Paige got a new digital camera from Grandma and Grandpa Salt. What a long way technology has come, when you're giving 2-year a digital camera! After they spent some time getting her to understand how it worked, she was off to the races! She takes it with her everywhere now. Here are a couple of the shots from the first "roll of film." These are all uncropped, to properly display her entire creative eye.

Thursday, February 12, 2009

Coveting your support

In regards to you being at the hospital when Eli is born:

We've had a lot of people ask us if we'd be OK with them being at the hospital for support when Eli is born. We covet your prayers and support, and would be greatly honored by your presence with the rest of our friends and family at the hospital. Please feel welcomed.

We've already developed our phone tree. Here's what we expect:

Once Eli is born, he'll be cleaned up, weighed, and all that normal stuff. He'll be put on Prostaglandin in order to keep a prenatal artery bypass open. This drug can cause respiratory arrest (apnea), so he'll also be immediately intubated as a precaution. The CHCC team will take over in the stabilization room, doing what they do. About an hour or two later, he will be transported to CHCC for more direct analysis of his situation.

We are currently in flu season, so no children are allowed beyond the first floor lobby. This includes Paige, and they're not even entertaining the idea of compromise nor exception. We've made special arrangements for Paige to meet Eli, so please be praying those work out.

We thank you for all the support you've all already offered. We are so thankful to be surrounded in love and support. We look forward to seeing you at the hospital. If you would like to be on the call list, let us know. Please also clarify whether or not you'd like to be called regardless of the hour!
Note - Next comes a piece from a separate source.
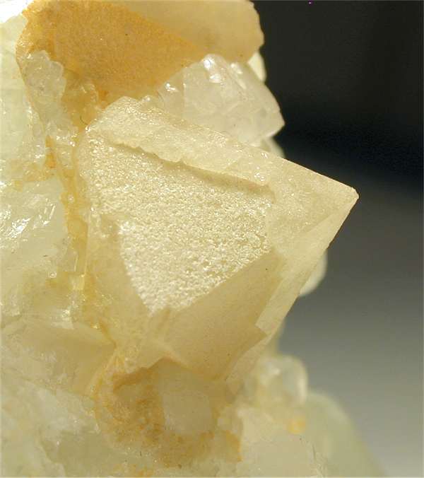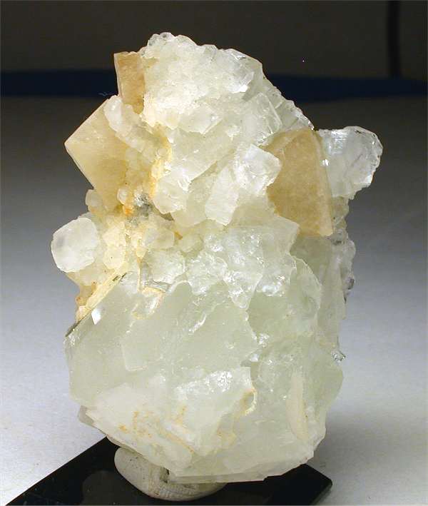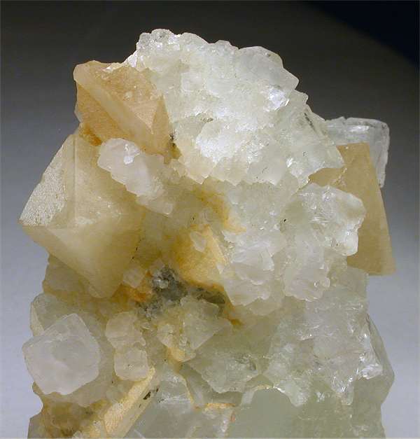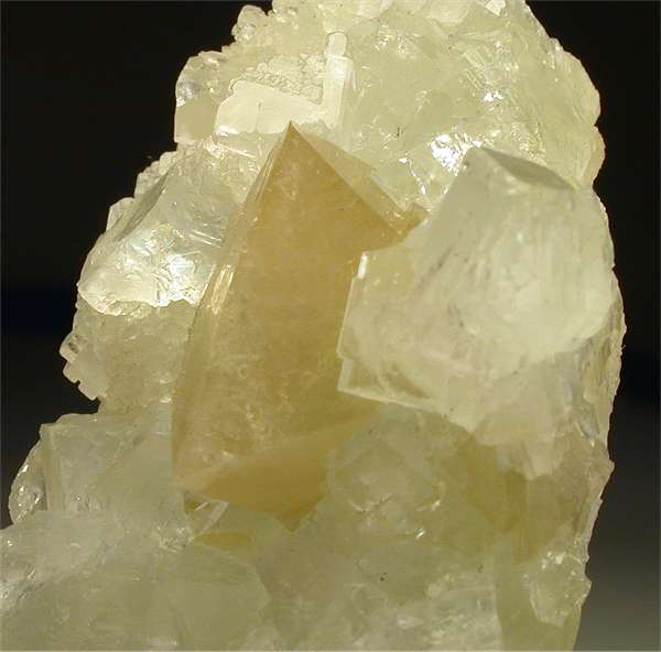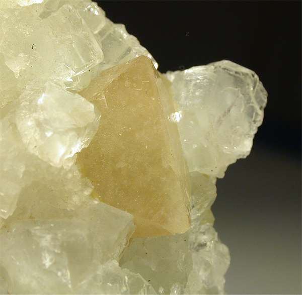 Xianghualin, Hunan Prov., China - There are three perfectly terminated scheelite crystals that emerge from various fluorite cubo-octahedrons ! The scheelite show a light brown/orange color and are 1-1.5 cn on the edge ! Very nice specimen of 6.5x4.5x3 cm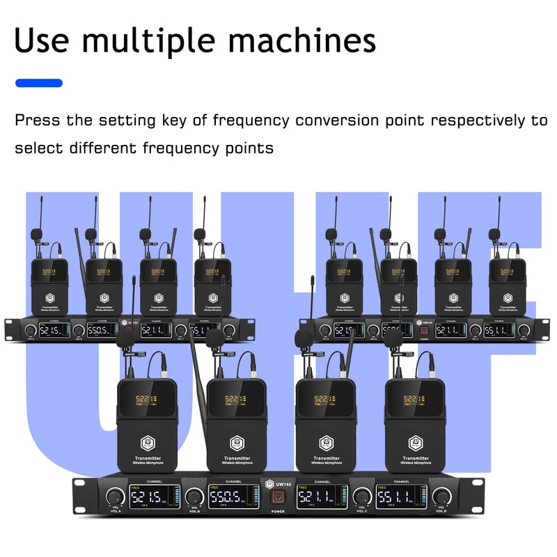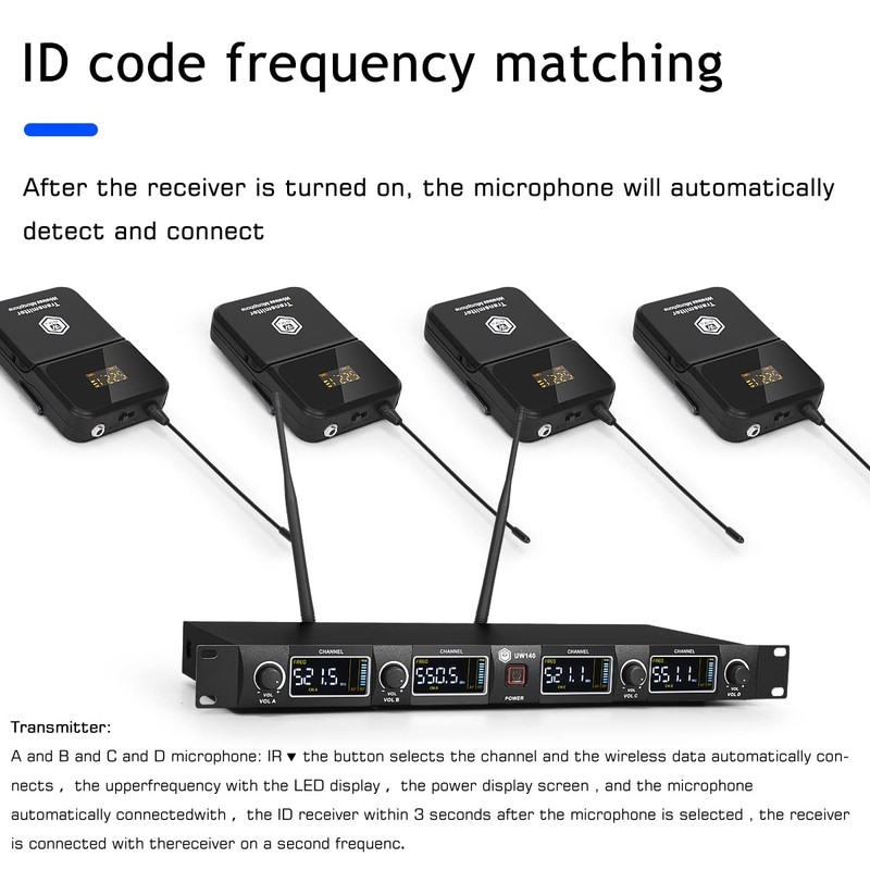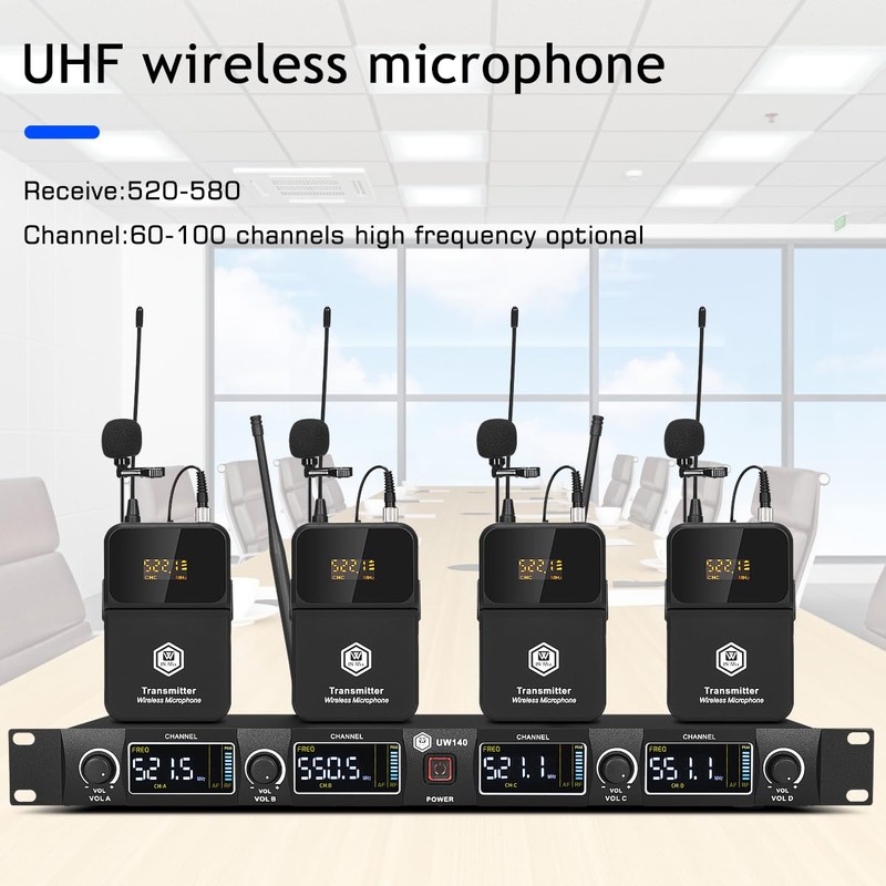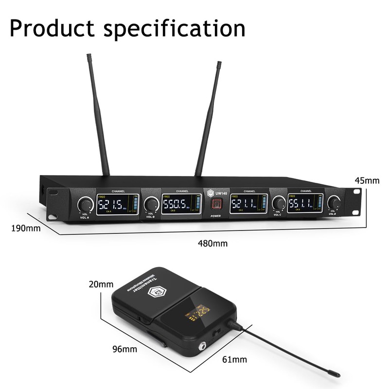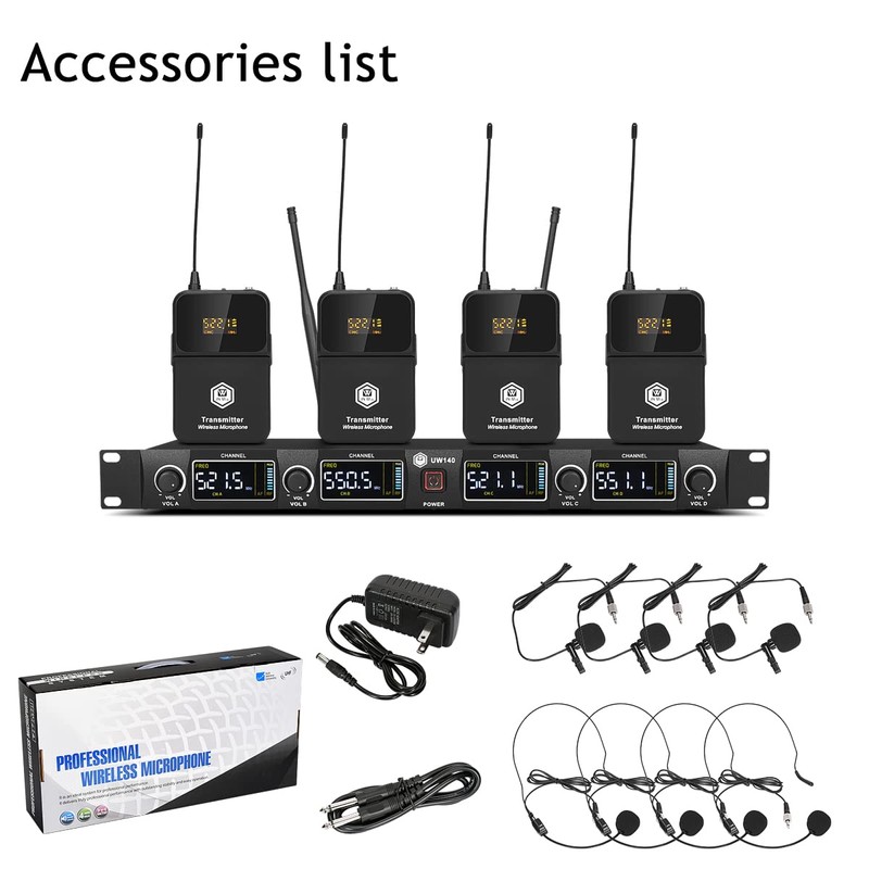 - BOX CONTENTS: 1 four-channel wireless metal receiver, 4 UHF bodypack wireless, 4 black headset microphones,4 black lapel lavalier microphones, 1 power adapter, 2 antennas,1 user manual

Thursday, February 5, 2009

Preparing Paige

How do you explain to a 2 year-old that she is going to have a baby brother soon? I think we can talk about it all we want, but it won't truly be understood until that baby brother is here.
Then, how do you prepare a 2 year-old for a baby brother who is going to spend the first few weeks of his life in the hospital? AND totally change your world as you know it? We have always communicated with Paige about her surroundings. We talk to her constantly about things around her. Baby Eli is no different.
Ever since we found out about Eli, we've made Paige a part of the process we've been going through. We pray every night with her for Jesus to make Eli's heart better. She understands (as much as she possibly can) that Eli has owies on his heart, and that the doctors need to make it better.
Just the other day she decided to bring out her doctor play kit and help Eli herself. This simple pretend toy has been so helpful in Paige's understanding of what might happen over the course of the next few weeks.
Here are a few pictures of her making Eli better. Now mind you, she thinks Eli is in my belly button. She talks to him through it. She thinks he's going to come out of it. She gives him shots through it. It's pretty cute!
Please pray with us that Paige transitions well into big sisterhood. She has to make many more adjustments than most new big sisters.